Thank you Have a great day!

ebudmada commented 1 year ago

you can set the OPENAI_API_BASE: "https://openai-forward.metadl.com/v1"

how is this actually helping us? It will add a retry request to the error?

ebudmada commented 1 year ago

Remember, rate limits are in place to ensure fair usage and prevent abuse. It's essential to respect these limits and design applications accordingly.

We are actually paying for that service, there is no need to prevent abuse here!
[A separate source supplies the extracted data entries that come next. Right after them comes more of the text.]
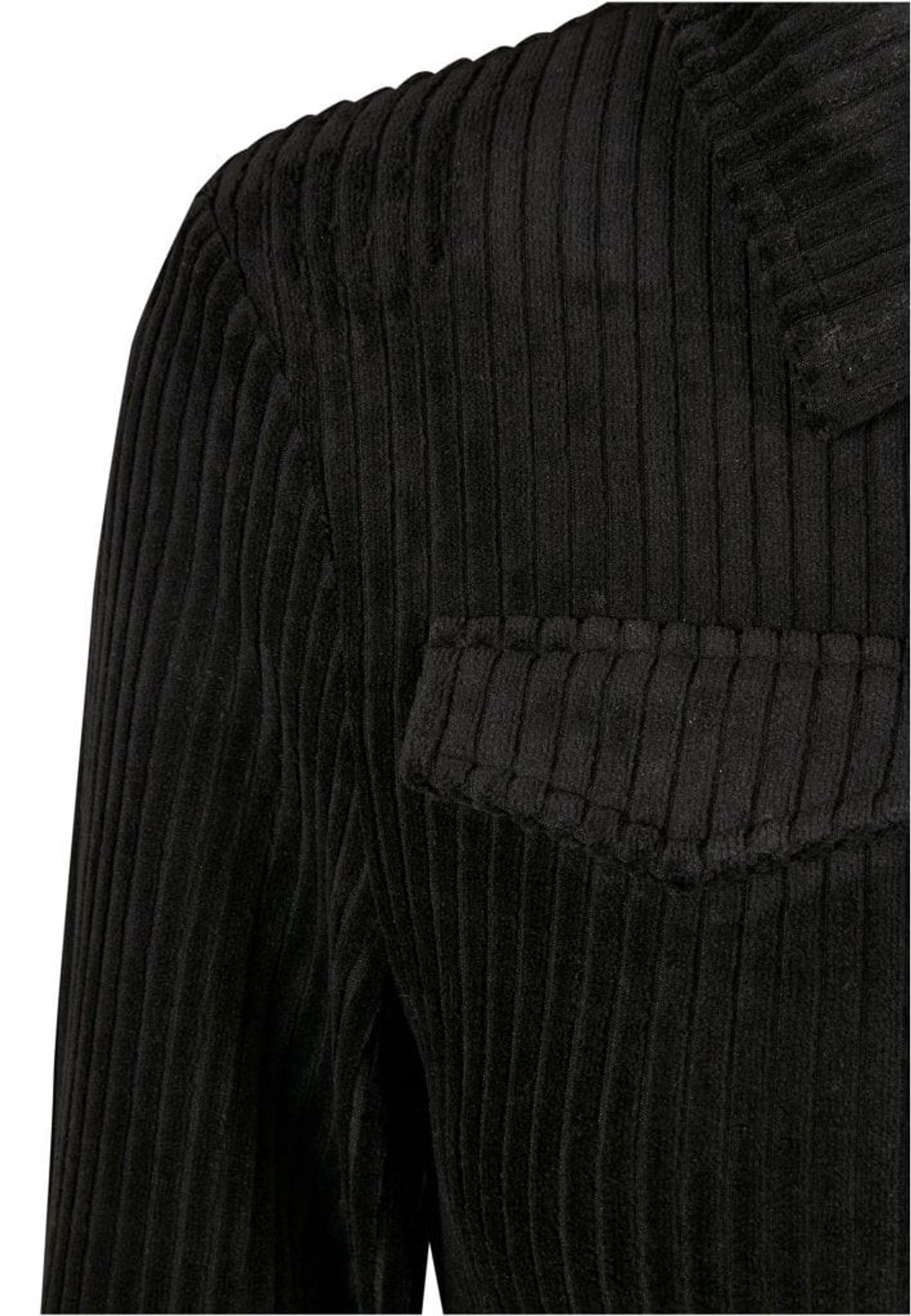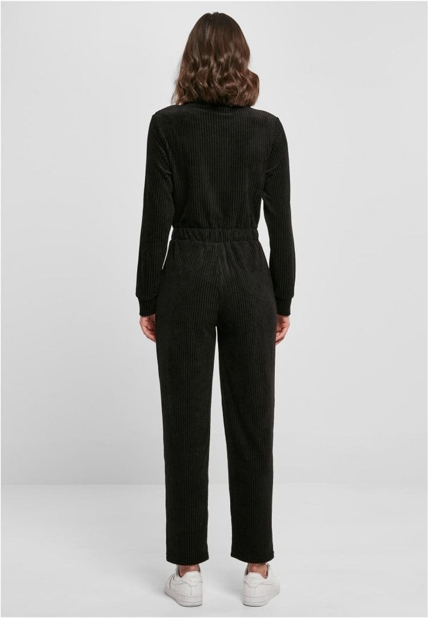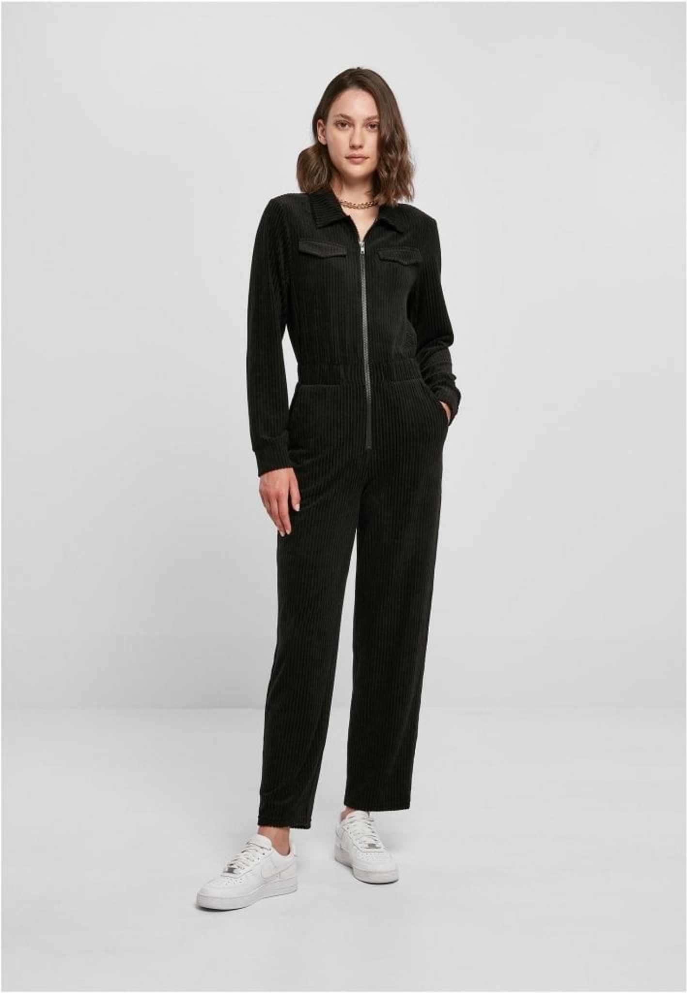 En pragmatisk ribbad overall för kvinnor med en lång metallisk dragkedja, krage och lappade ytor på bröstet. Ett integrerat elastiskt midjeband säkerställer en perfekt passform och en feminin siluett. Kostymen i ett stycke är också utrustad med sidfickor och är gjord av ribbad sammet.
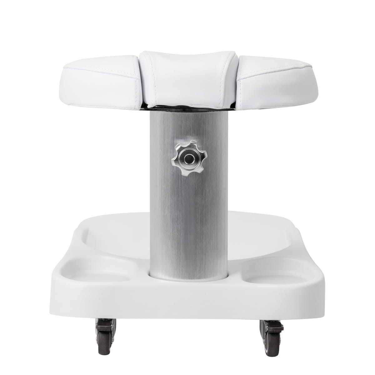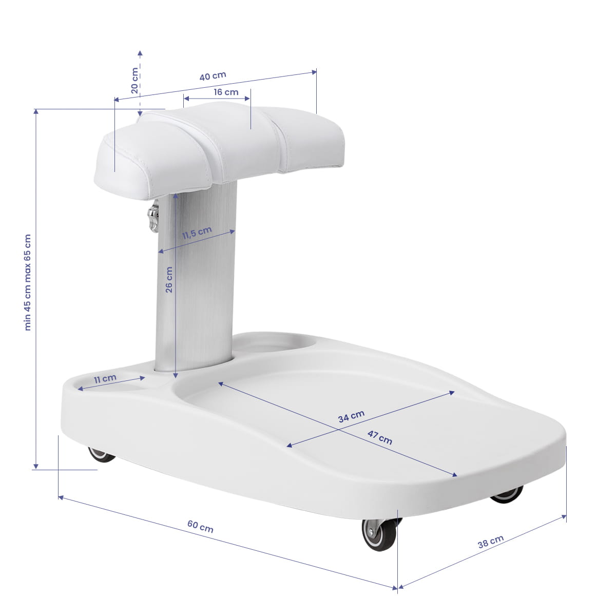 Solidna konstrukcja i funkcjonalnośćPodnóżek składa się z trzech części, z których środkowa jest wysuwana. Ręczna regulacja wysokości umożliwia podniesienie jej o maksymalnie 20 cm. Wszystkie elementy podnóżka obite są skórą syntetyczną, co zapewnia odporność na wilgoć oraz łatwość utrzymania czystości. Dzięki temu wózekmożna dostosować do indywidualnych potrzeb użytkownika, co sprawia, że jest doskonałym rozwiązaniem zarówno podczas zabiegów kosmetycznych, jak i podologicznych, zapewniając komfort i precyzyjność pracy w różnych pozycjach.
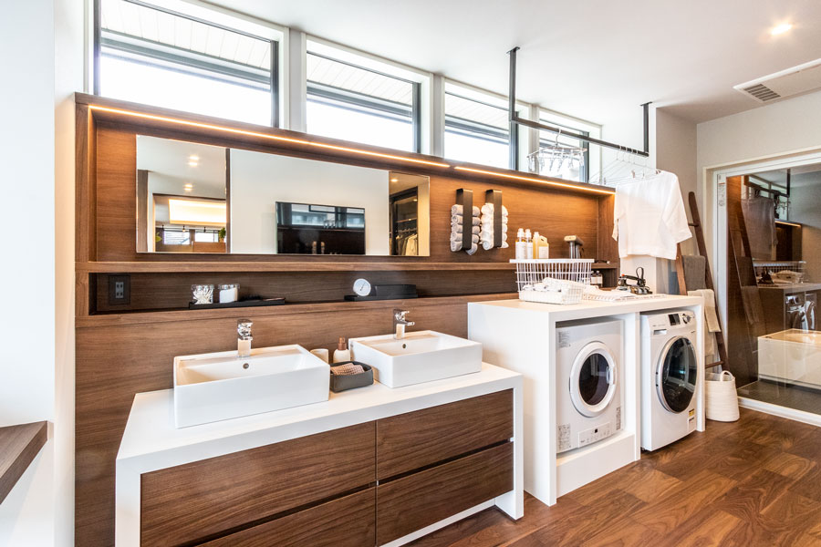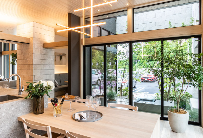 SDGs・カーボンニュートラル、ニューノーマルな暮らし方が定着しつつある昨今、新しい働き方や新しい住まい方が求められています。テーマは【新百合山手の邸宅】、外観はシンプルながら存在感際立つ大判タイルと深い軒の出が高級感を演出します。内部は圧巻の『高天井と大空間』、おうち時間を楽しむプライバシーに配慮した『囲む中庭・アウトラウンジ』、共働き夫婦に『快適な家事動線』、『ながら・創造・集中』3つのスタイルを考えた在宅ワークスペース、洗練された新しい新百合ヶ丘スタイルをデザインしました。
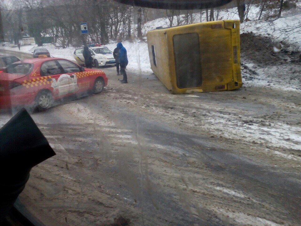 Ймовірною причиною ДТП стала слизька дорога на якій занесло водія «Daewoo Lanos». Водій автобуса, намагаючись уникнути зіткнення з некерованим авто, наїхав на бордюр, від чого маршрутка перекинулася на бік.
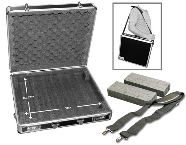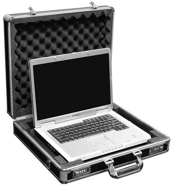 • Lightweight steel laminated to plywood case with diced foam on the bottom and convoluted foam in the lid, made to hold a laptop computer up to 17"

adubinsky commented 1 year ago

I'm having this issue also. It's an unmodified install on docker using the snake example. Can I throttle the service calls in some way?
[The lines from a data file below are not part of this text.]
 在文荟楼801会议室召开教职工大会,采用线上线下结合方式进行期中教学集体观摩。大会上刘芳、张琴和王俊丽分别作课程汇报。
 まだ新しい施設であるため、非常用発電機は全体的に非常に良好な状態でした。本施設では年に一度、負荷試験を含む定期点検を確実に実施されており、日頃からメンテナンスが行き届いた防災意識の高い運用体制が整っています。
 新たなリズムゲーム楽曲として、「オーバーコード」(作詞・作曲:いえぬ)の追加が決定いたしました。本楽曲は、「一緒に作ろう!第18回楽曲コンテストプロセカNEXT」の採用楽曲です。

absane commented 1 year ago

Instead of merely joining this discussion as another "me too" contributor, I aim to provide some additional insight. Based on my understanding of the code pertaining to rate limiting, it primarily measures requests per minute. This is evident here:

class RateLimiter:
    """Rate control class, each call goes through wait_if_needed, sleep if rate control is needed"""

    def __init__(self, rpm):
        self.last_call_time = 0
        # Here 1.1 is used because even if the calls are made strictly according to time,
        # they will still be QOS'd; consider switching to simple error retry later
        self.interval = 1.1 * 60 / rpm
        self.rpm = rpm

    def split_batches(self, batch):
        return [batch[i : i + self.rpm] for i in range(0, len(batch), self.rpm)]

    async def wait_if_needed(self, num_requests):
        current_time = time.time()
        elapsed_time = current_time - self.last_call_time

        if elapsed_time < self.interval * num_requests:
            remaining_time = self.interval * num_requests - elapsed_time
            logger.info(f"sleep {remaining_time}")
            await asyncio.sleep(remaining_time)

        self.last_call_time = time.time()

We could adjust the RPM configuration variable to match our model. For GPT4 with 8192 tokens (max) and a TPM of 40,000, the maximum RPM = 4.88. Setting RPM = 4 resolves issues. GPT4 API allows 200 RPM, giving maximum 40000/200 = 200 TPM if you wanted to go ludicrous speed with short context windows. Ideally, RPM and TPM should both be checked with some math to allow for the most efficient processing (e.g., dynamically adjust requests but stay without bounds), but for now self-calculation is a workaround.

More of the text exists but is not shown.